Doch für den aktuellen Auftrag hat Piratenkapitän Weng nicht nur auf die Engländer gesetzt. Natürlich sind diese rotbramsigen Rundköpfe wie immer bereit, ein schönes Sümmchen Silber zu zahlen. Doch dieses Mal ist der Auftrag wirklich außergewöhnlich und extrem heikel. Seine Flotte soll ein deutsches Kriegsschiff in eine Falle locken und um jeden Preis an einen Geheimbericht seines Kapitäns gelangen. Wie sie das anstellen, ist den Brits vollkommen egal. Deshalb bieten ihm die Engländer eine Summe an, die exorbitant ist. Obwohl er sich selbst als verliebt in Silber bezeichnen würde, hätte er diesen Auftrag normalerweise nie angenommen. Ein deutsches Kriegsschiff abfangen. Ein Himmelfahrtskommando.
Aber dann traf quasi zeitgleich mit dem Angebot der Rundaugen ein dringendes Hilfeersuchen von den lieben Vettern der Heng Wan Chu Kaufmannssippe aus Singapur ein. Der verdammte deutsche Kapitän dieses Kriegsschiffes soll die Tochter des Clanoberhaupts Heng gegen deren Willen geschwängert haben.
Wie niederträchtig! erregt sich Weng.
Ihm wurde glaubhaft versichert, dass der Clan alles, aber auch wirklich alles unternommen habe, um diesen schändlichen Verführer in Singapur zur Strecke zu bringen. Doch alle Tricks hätten versagt. Chang, der Schreiber der bedeutenden deutschen Handelsfirma Behn, Meyer & Co. hat versucht, den Deutschen in Chinatown in eine Falle zu locken. Resultat war, dass es zahlreiche Tote auf Seiten der Chinesen gegeben hatte.
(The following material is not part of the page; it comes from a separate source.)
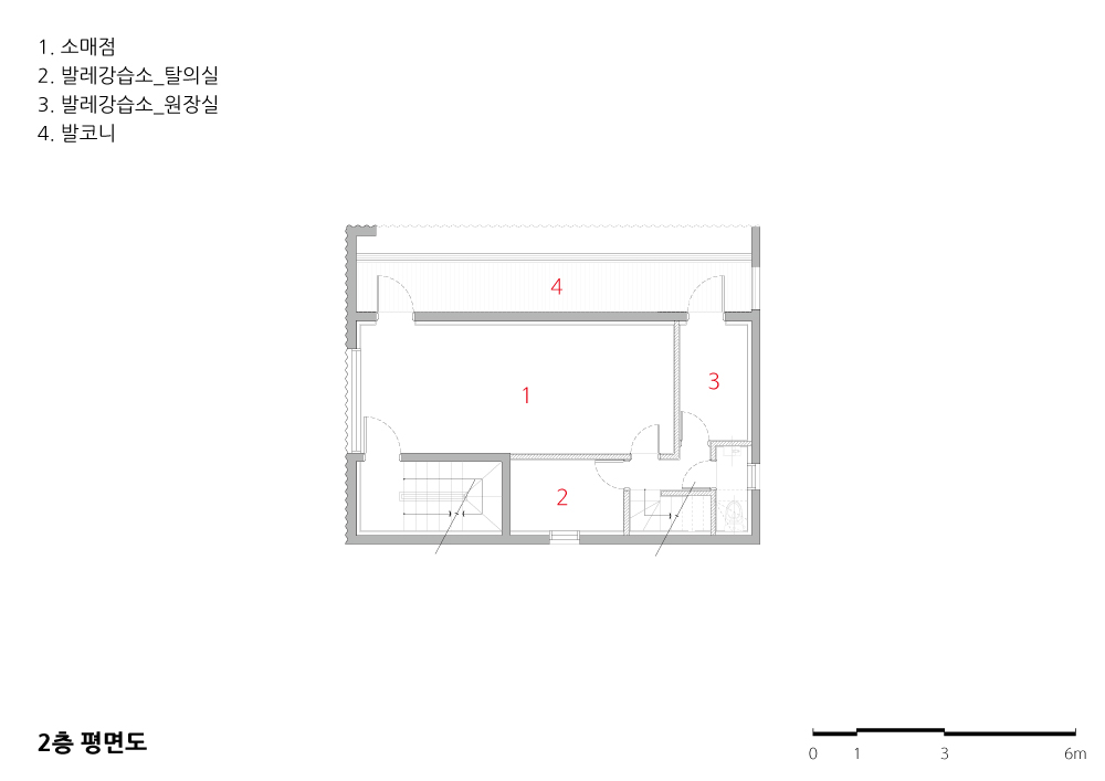 The building owner is a mother, who manages an art gallery and a boutique, and has a daughter who is a ballerina. She has captured every moment of her dancing daughter in the canvas and architectural space had to be a vessel that can accommodate their thoughts for the family who loved art and dance. The exposed concrete was designed as the embodiment of a wave-shaped acoustic sound to represent a trajectory of a beautiful life.

Der verfluchte Deutsche konnte entkommen. Selbst das letzte Mittel von Onkel Chu, den deutschen Kapitän zu verfluchen, hat wohl nicht richtig funktioniert.
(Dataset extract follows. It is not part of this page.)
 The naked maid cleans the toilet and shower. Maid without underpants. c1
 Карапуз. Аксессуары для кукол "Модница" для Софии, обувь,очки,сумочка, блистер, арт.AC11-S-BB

Merkwürdig, denkt Weng, das klappt doch sonst immer.
Nur diese Kombination, dass eigentlich nicht ausschlagbare finanzielle Angebot der Briten und zugleich die Bitte des Familienclans zu helfen, hat den Ausschlag gegeben. Das wird nicht einfach. Darüber ist er sich im Klaren. Es wird viele Verluste in den eigenen Reihen geben. Die finanzielle Kompensation an die Familien muss er in seine Kalkulation einbeziehen. Aber viel wichtiger ist es, einen vernünftigen Plan zu haben. Ein direkter Angriff auf ein stählernes Kriegsschiff mit überlegener Feuerkraft kann eigentlich nur fatal enden.
Nein, ein besonderer Plan muss her. Es gilt, das deutsche Schiff in die vielen verwirrend kleinen Inseln mit ihren Untiefen vor der chinesischen Küste zu locken, kurz bevor es Hongkong erreicht. Dafür haben die Engländer ihre Unterstützung zugesagt.
Auf Kommando von Wengs Flaggschiff beginnen nun auch die anderen mehrmastigen Dschunken langsam ihre Segel zu setzen. Die Besegelung besteht aus Dschunkensegeln, die mit Bambus-Stangen durchgelattet sind. Diese durchgelatteten Segel sind von Deck aus leicht zu bedienen. Die kurzen Pfahlmaste sind üblicherweise nicht durch Wanten und Stage verspannt, so dass die Segel rundum geschwenkt werden können.
Die kastenförmigen Boote besitzen keinen Kiel. Ihre flachen Böden und die Seitenwände sind fast senkrecht hochgezogen. Dadurch scheinen sie über das Wasser zu fliegen und schneiden nicht hindurch. Der Rumpf ist aus weichem Holz gebaut, das sich leicht biegen lässt und trotzdem seine Form bewahrt. Die Dschunken zeichnen sich durch ihre hochgezogenen Enden aus, die ihnen eine fast bananenähnliche Form verleihen.